Я прикрыла за ним дверь и кротко предложила:

– Поднимемся ко мне.

В гостиной я первым делом задернула шторы на окнах фасада, затем обернулась – Лоренцо стоял совсем рядом, вплотную ко мне. Он недвижно нависал надо мной и едва дышал. От аромата его духов – мускуса и розовой воды, смешанных с запахом влажной от пота шерсти, – у меня вдруг закружилась голова.

– Катон… – хрипло произнес он.

Я собрала все свое мужество и поглядела ему прямо в глаза. Я не отводила взгляда, и это окончательно лишило Лоренцо сил сдерживаться. Он сморщился, пытаясь удержать набежавшие слезы, потом порывисто обхватил меня и прижал к себе. Из его груди вырвался сдавленный стон.

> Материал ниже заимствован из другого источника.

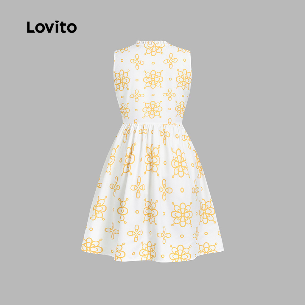 Lovito Vestido Casual de Botão com Babado Na Bainha para Primavera/verão para mulheres L155ED883
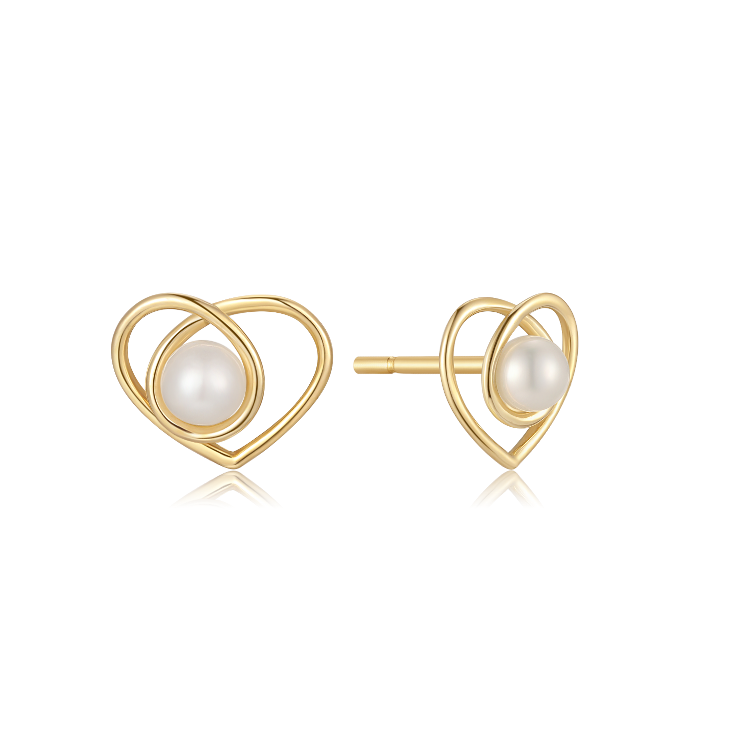 8 kt. guld ørestikker hjerte med ferskvandsperle
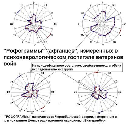 На представленных диаграммах (“рофограммах”) отражены ярко выраженные особенности рисунков, характерные для нескольких групп исследуемых лиц ( своеобразный “трилистник”) - см. рисунок 1 : “чернобыльцы” ,“афганцы”.
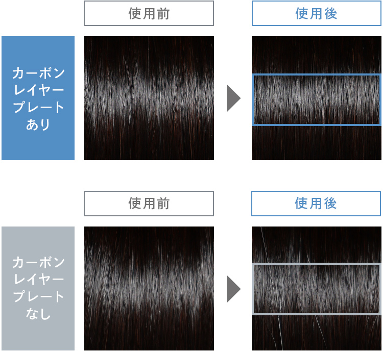 カーボンレイヤープレートが、乾燥による広がりを防ぎながら、美しいストレートヘアをキープ。
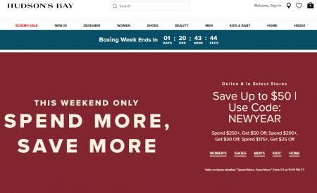 Hudson’s Bay: Spend More, Save More - Up to $50 Off Promo Code (Jan 1-3)
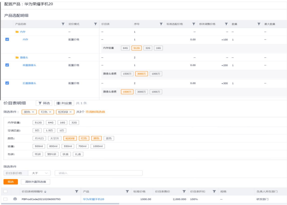 在纷享销客CRM的CPQ(配置-定价-报价)模块中,属性定价表现为:

– Прости меня, – прошептал он, – но я больше не могу, я не способен…

Мои руки сами собой сомкнулись на его талии.

– Лоренцо…



– У меня никогда в жизни не было любовника, – признался он совсем тихо мне на ухо. – Наверное, у тебя тоже?..

– Друг мой… – начала я.

– Да, Катон, я твой друг, но мое чувство к тебе превыше всех мыслимых дружб и всех известных миру любовей. Я долго пытался забыть тебя – с того самого дня, как ты отказал мне на прогулке. Я расточал нежности своим детям, являл чудеса предупредительности по отношению к жене и матери, изливал неукротимую страсть на Флорентийскую республику. – Он с несчастным видом рассмеялся. – Я, наверное, скоро с ума сойду, но все, что бы я ни сделал, не в силах изгнать тебя из моих дум!

Выслушивая это поразительное признание из уст Лоренцо, я невольно задрожала – и душой, и телом.

– Прошу, пойдем сейчас со мной, Лоренцо, – наконец вымолвила я и освободилась от его объятий. Он смятенно взирал на меня. – Пойдем же, – повторила я и взяла его за руку.

Я повела его на третий этаж, в свою спальню, где мы встали лицом к лицу – олицетворенная смесь из любви и страха, а вокруг нас, словно химический пар в стеклянной колбе, витали флюиды естественных и противоестественных желаний. Лоренцо протянул ко мне руку, желая притронуться, но я молча покачала головой, через голову стащила с себя тунику и отбросила ее. Затем пришел черед нижней рубашки.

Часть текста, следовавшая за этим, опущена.